Calculate the time required in millions of years for one orbit.

[quah13579]

Homework Statement

The solar system is situated 26,000 light years from the centre of our galaxy, the Milky Way, and it orbits the centre at a speed of 220 km/sec.

Calculate the time required in millions of years for one orbit.
(NOTE: The circumference of a circle = 2 pi r where r is its radius.)

Homework Equations

The Attempt at a Solution

I am not really sure how to do it, please help thanks

 

[tiny-tim]

welcome to pf!

hi quah13579! welcome to pf!

(have a pi: π )

find how to convert light years into km, and then calculate the length of the circumference of the orbit …

what do you get? ​

 

[quah13579]

hi quah13579! welcome to pf!

(have a pi: π )

find how to convert light years into km, and then calculate the length of the circumference of the orbit …

what do you get? ​

9,460,730,472,580.8(light-year in km) * 26000(of light-years around) * 2 * 3.1415926535 = 1545531590213152572.8104183193436(km) / 220(km/sec) / 60(sec/min) / 60 (min/hrs) / 24 (hrs/days) / 365.25(days/years) = 222613367.04559 years
is it right?

 

[tiny-tim]

9,460,730,472,580.8(light-year in km) * 26000(of light-years around) * 2 * 3.1415926535 = 1545531590213152572.8104183193436(km) / 220(km/sec) / 60(sec/min) / 60 (min/hrs) / 24 (hrs/days) / 365.25(days/years) = 222613367.04559 years
is it right?

hmmm … never never never use all those figures (you'll lose marks in the exam if you do) … 3 sig figs should usually be more than enough

and the question asked for the answer in millions of years

but apart from that (and i haven't checked your lightyear/km figure), that looks fine

 

[paranormal]

I would approach this problem by first converting the given information into units that are more commonly used in astronomical calculations.
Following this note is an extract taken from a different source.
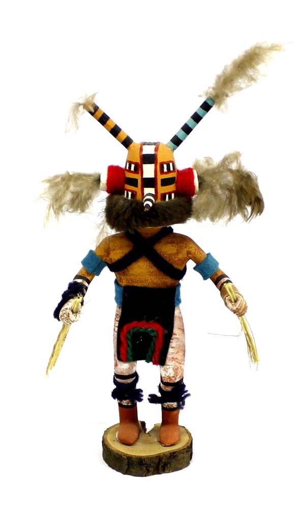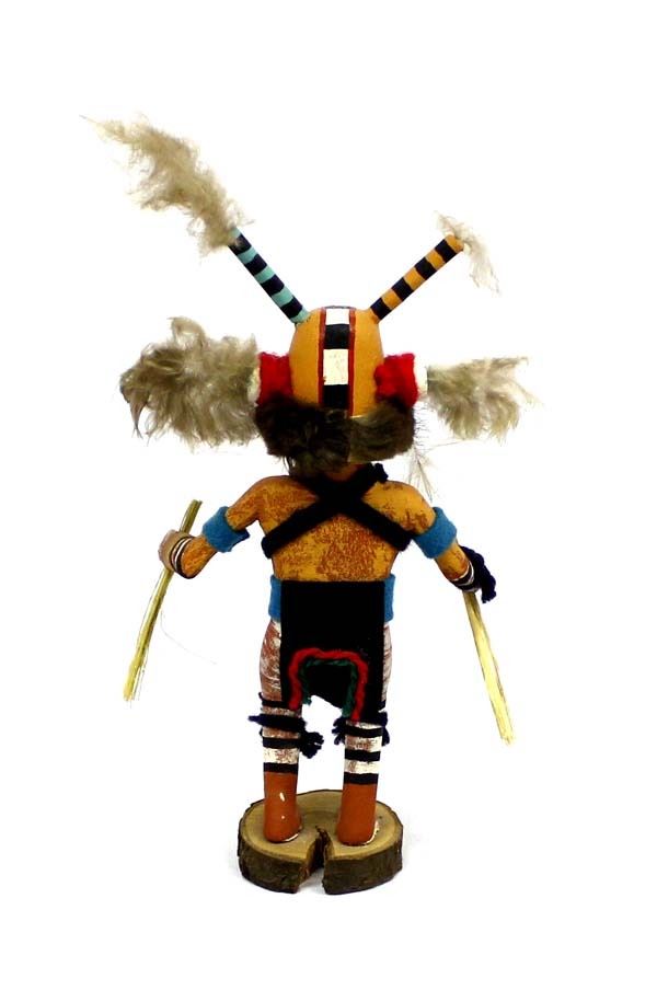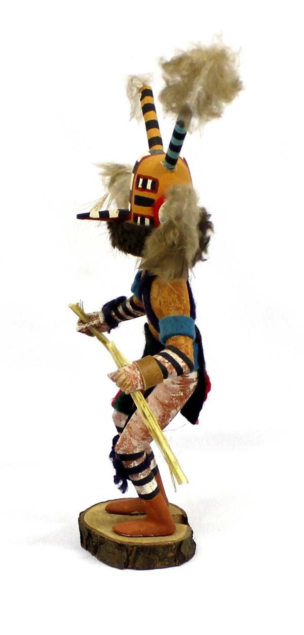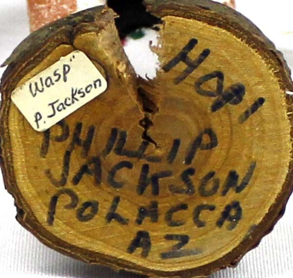 Vintage Native American Hopi Wasp Kachina by Phillip Jackson of Polacca AZ, measures 10'' x 4.5'' and signed on the bottom, embellished with feathers, faux fur, yarn, and felt, some feather damage
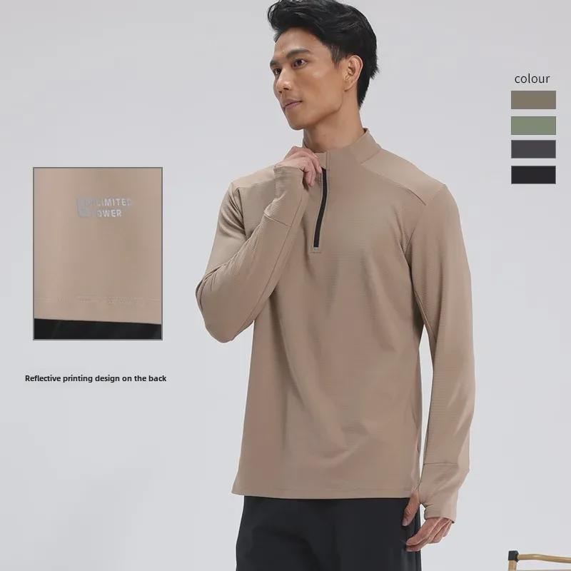Представляем идеальный пуловер для любителей фитнеса, изготовленный из высокоэффективного полиэстерового материала. Этот беговой топ с длинным рукавом имеет воротник-стойку и удобную конструкцию с половинной молнией, что делает его идеальным для универсальной многослойности и быстрой регулировки температуры.. Его быстросохнущая технология гарантирует, что вы будете чувствовать себя комфортно и сухо во время интенсивных тренировок.. Специально разработанная защита пальцев добавляет дополнительный слой комфорта, что делает этот пуловер идеальным для всех ваших фитнес-тренировок.

The distance from the centre of the galaxy, 26,000 light years, can be converted to kilometers by using the fact that 1 light year is equal to approximately 9.461 trillion kilometers. Therefore, 26,000 light years is equal to 2.455 trillion kilometers.

Next, I would use the given speed of 220 km/sec to calculate the distance traveled in one year. This can be done by multiplying 220 km/sec by the number of seconds in a year (which is equal to 31,536,000 seconds). This gives us a distance of approximately 6.939 trillion kilometers traveled in one year.

Now, we can use the formula for circumference (2 pi r) to calculate the distance traveled in one orbit. The radius of the orbit can be calculated by dividing the distance from the centre of the galaxy (2.455 trillion km) by 2, since the orbit is a circle. This gives us a radius of approximately 1.2275 trillion km.

Plugging this value into our formula, we get a circumference of approximately 7.716 trillion km traveled in one orbit.

Finally, to calculate the time required for one orbit, we can divide the circumference by the distance traveled in one year (6.939 trillion km) and then convert the result to millions of years. This gives us a time of approximately 1.11 million years for one orbit around the centre of the galaxy.

Therefore, it would take approximately 1.11 million years for our solar system to complete one orbit around the centre of the Milky Way.